• [INFORMATION SUPPLIED]
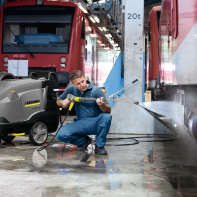 User-friendly, powerful hot water high-pressure cleaner with 4-pole, water-cooled electric motor, economical eco!efficiency mode and 2 detergent tanks.
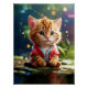 little cute AI cat sits by the water at the lake / small sweet KI cat seated by the water
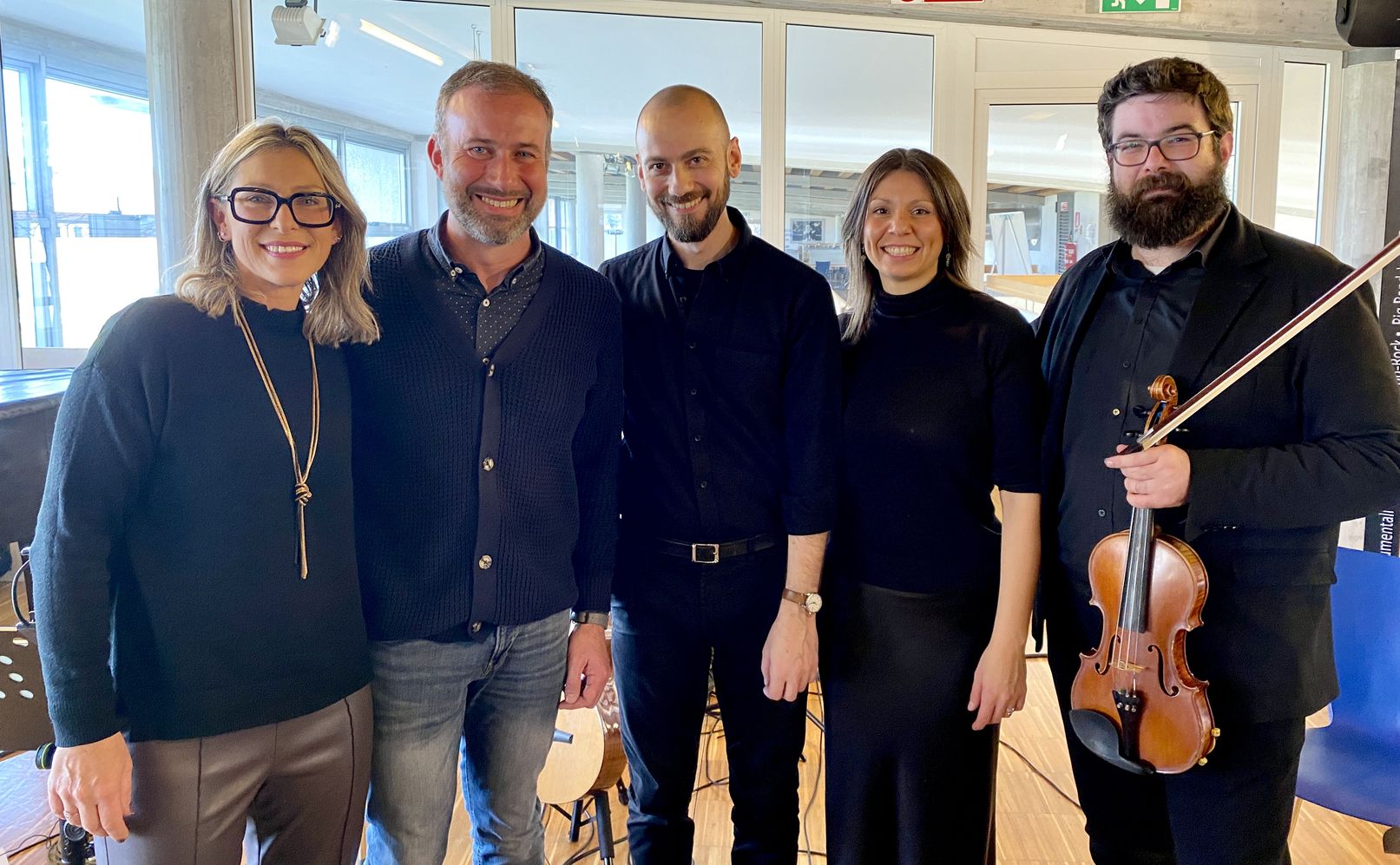 Ieri alle 11 in Biblioteca a Codroipo si è tenuto il terzo dei concerti della 33ma edizione de “I concerti della domenica” organizzata dall’Associazione Musicale e Culturale “Citta di Codroipo” con la collaborazione del Comune di Codroipo e la direzione artistica del M° Giorgio Cozzutti. Protagonisti Marco Bianchi alla chitarra, Giovanni Di Lena al violino e Sara Della Mora soprano ovvero il Trio Amedyez. Un concerto ricco di sfumature, musicalità e poesia, provenienti da culture diverse anche molto lontane tra loro, mediato e impreziosito dalla sensibilità musicale e dalle doti tecniche dei tre musicisti. Un’occasione concreta di percepire il confine e le differenze come una ricchezza nella quale tuffarsi, senza paura, alla scoperta dell’altro e dei suoi sentimenti, in fondo, non molto diversi dai propri. Un trio friulano che grazie alla propria cultura di confine ha saputo regalare al folto e partecipe pubblico oltre un’ora di musica di altissimo livello.

• [WORK TO BE COMPLETED]
The response should restate the material above word for word and contain no pictures.

• [RESPONSE FOR THIS EXERCISE]
 User-friendly, powerful hot water high-pressure cleaner with 4-pole, water-cooled electric motor, economical eco!efficiency mode and 2 detergent tanks.
 little cute AI cat sits by the water at the lake / small sweet KI cat seated by the water
 Ieri alle 11 in Biblioteca a Codroipo si è tenuto il terzo dei concerti della 33ma edizione de “I concerti della domenica” organizzata dall’Associazione Musicale e Culturale “Citta di Codroipo” con la collaborazione del Comune di Codroipo e la direzione artistica del M° Giorgio Cozzutti. Protagonisti Marco Bianchi alla chitarra, Giovanni Di Lena al violino e Sara Della Mora soprano ovvero il Trio Amedyez. Un concerto ricco di sfumature, musicalità e poesia, provenienti da culture diverse anche molto lontane tra loro, mediato e impreziosito dalla sensibilità musicale e dalle doti tecniche dei tre musicisti. Un’occasione concreta di percepire il confine e le differenze come una ricchezza nella quale tuffarsi, senza paura, alla scoperta dell’altro e dei suoi sentimenti, in fondo, non molto diversi dai propri. Un trio friulano che grazie alla propria cultura di confine ha saputo regalare al folto e partecipe pubblico oltre un’ora di musica di altissimo livello.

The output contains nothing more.